My organization has hidden the gender of 5 babies around the city. We will reveal one every hour until our demands have been met
My 9-month-old ate part of her sister’s math worksheet and now we’re waiting to see if she passes algebra.
She said she liked animals but apparently all the fruit flies around my apartment was a “turn off”
*stares at phone*
why cant i sleep
*puts phone face-up on bed, the screen brigtness bathes my room in a light mor powerfubl than the sun*
oh
Zac meets Ron
Zac dates Ron
Zac takes Ron home
Zac Efron
Oops. Everyone brought their “see you next year”s to work today and I only brought my throat slashing gesture.
I’m not saying my job sucks, I’m just saying that if you tried to abduct me in the office parking lot on my way into work, I’d struggle just until I was out of view of the corporate security cameras. Then I’ll happily get in your van AND I’ll buy you breakfast at Waffle House.
Just bought a new pair of running shoes. Very excited to see how they look on the highest shelf in the closet.

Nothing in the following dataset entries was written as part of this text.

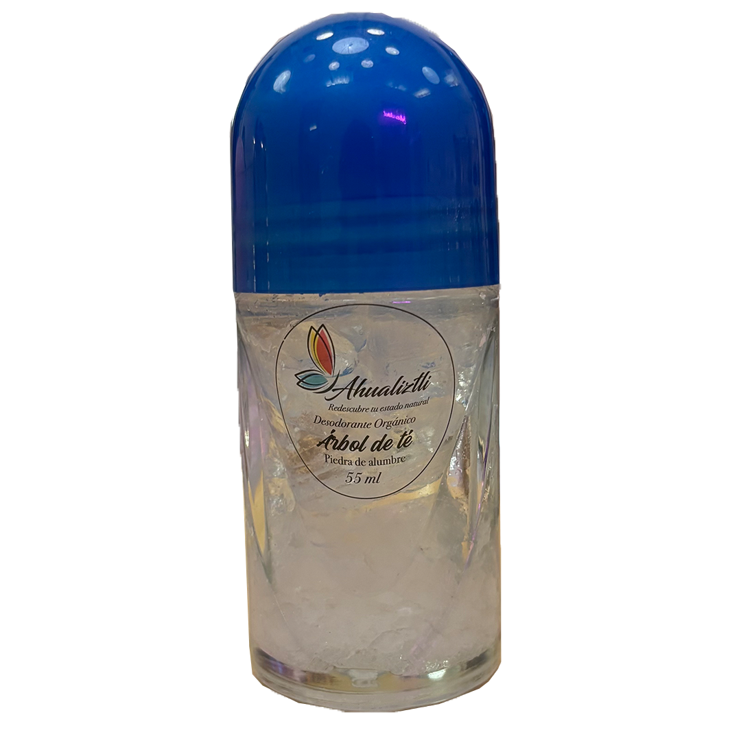 Desodorante roll on a base de piedra de alumbre. Apropiado para todo tipo de PH. Contiene piedra de alumbre que elimina el mal olor y bacterias que pudieran existir. Esencia natural unisex de árbol de té. Además, el envase es reutilizable, se puede abrir y rellenar con agua destilada o piedra de alumbre según se terminen los ingredientes en un tiempo estimado de 4 a 6 meses. Contenido: 55ml.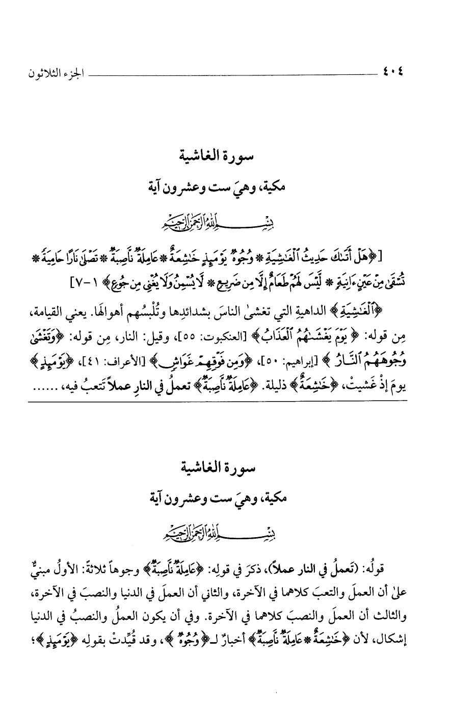 (الغَاشِيَةِ) الداهية التي تغشى الناس بشدائدها وتلبسهم أهوالها. يعني القيامة، من قوله: (يَوْمَ يَغْشَاهُمُ العَذَابُ) [العنكبوت: 55]، وقيل: النار، من قوله: (وتَغْشَى وجُوهَهُمُ النَّارُ) [إبراهيم: 50]، (ومِن فَوْقِهِمْ غَوَاشٍ) [الأعراف: 41]، (يَوْمَئِذٍ) يوم إذ غشيت، (خَاشِعَةٌ) ذليلة. (عَامِلَةٌ نَّاصِبَةٌ) تعمل في النار عملاً تتعب فيه،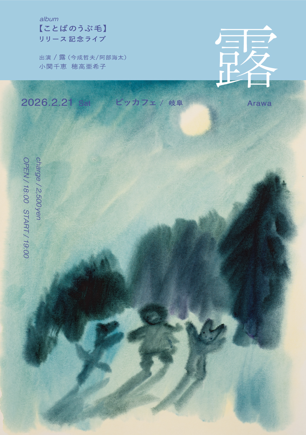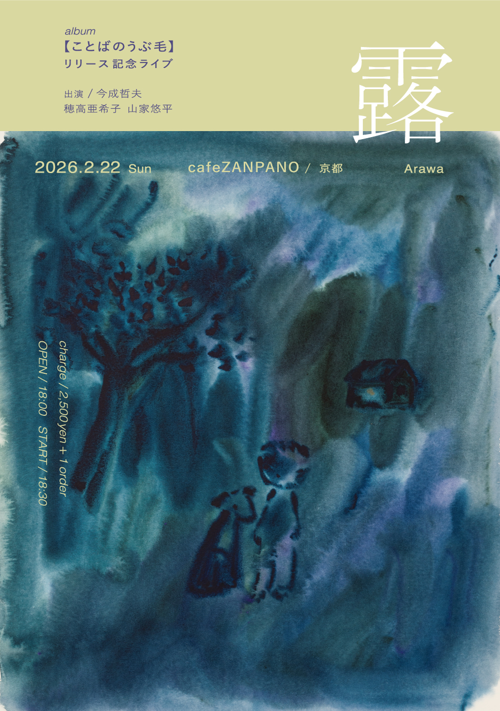 2024年の11月、松本の本・中川に於いて、「ことばのうぶ毛」と題された阿部海太による絵と言葉の展示が開かれましたその際、阿部の提案で、今成がいくつかの絵と言葉をもとに「歌」を作りあげるという試みがありました。そして会場で披露された六つの「歌」は、およそ一年後、LPに吹き込まれ、絵入りのブックレットと合わせて「露/Arawa」という新しい名義のもとリリースされました。今回のレコード発売記念ライブは、今成のソロ演奏となります。自身のうたに交えて、「ことばのうぶ毛」を飛ばします。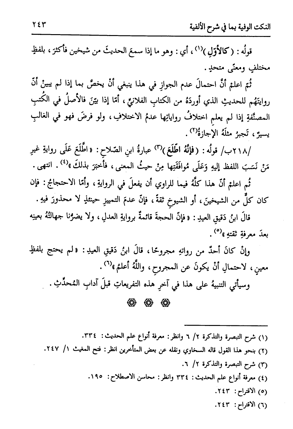 (¬1) شرح التبصرة والتذكرة 2/ 6، وانظر: معرفة أنواع علم الحديث: 334.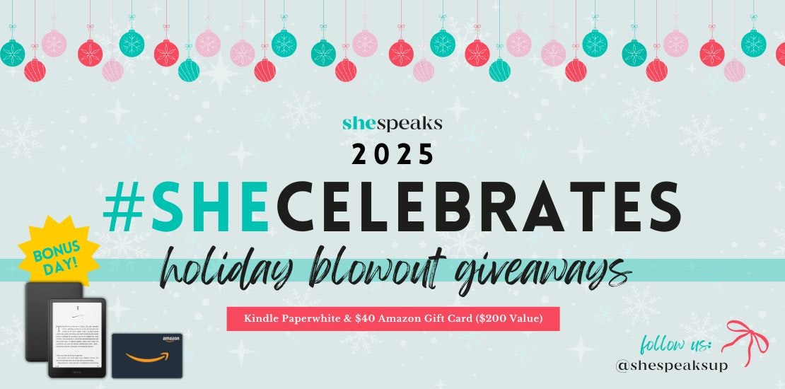 Since we’re so grateful for our SheSpeaks members and this incredible community, we’re celebrating with a Bonus Day in our #SheCelebrates Holiday Blowout Giveaways!

Waiting for everyone in this church service to bow their head in prayer so I can update my fantasy football roster.
Prank your dog by loosening his collar a bit everyday and googling “shrinking dog syndrome” while he’s on your lap
I don’t think I can manage sugar daddy but I could probably scrape together a carb uncle
I made a mix tape for a girl in the 90’s & she responded by giving me a blank cassette titled “What I Like About You”.
Me: *puts six steaks on the grill*
Wife: Don’t you think that’s too much? It’s just us and the kids.
Me: Wait, you guys are eating, too?
Windbreakers only want one thing and it’s dis-gusting
One day we will tell our grandkids how far we had to scroll to get to the recipe.
Hell hath no fury like a woman who told you to kill a spider then realized you used her shoe
There’s 2 types of people in this world, the people that use birth control and the people that step on Legos at 3am.
A nationwide recall of the popular children’s cereal Trix was issued today
“Just dump them out in your garden” said one long-eared FDA agent
[assigning roles]
god: the sun shall fuel all life on earth
sun: sounds good
god: and the moon shall make tiny waves and werewolves
moon: hell yes
[Bookstore]
Me: *hands over Tangled coloring book*
Cashier: How old is your daughter?
Me: [sweating nervously] Of course it is
The dismemberments will continue until morale improves now back to work
Forced homeschooling has taught me I had way too many kids
Doctor: I’m afraid you’ve got chronic updog
Me, embarrassed that I don’t know what the word chronic means: ah well, you win some you lose some
I’ll never be as smart as I am in the shower.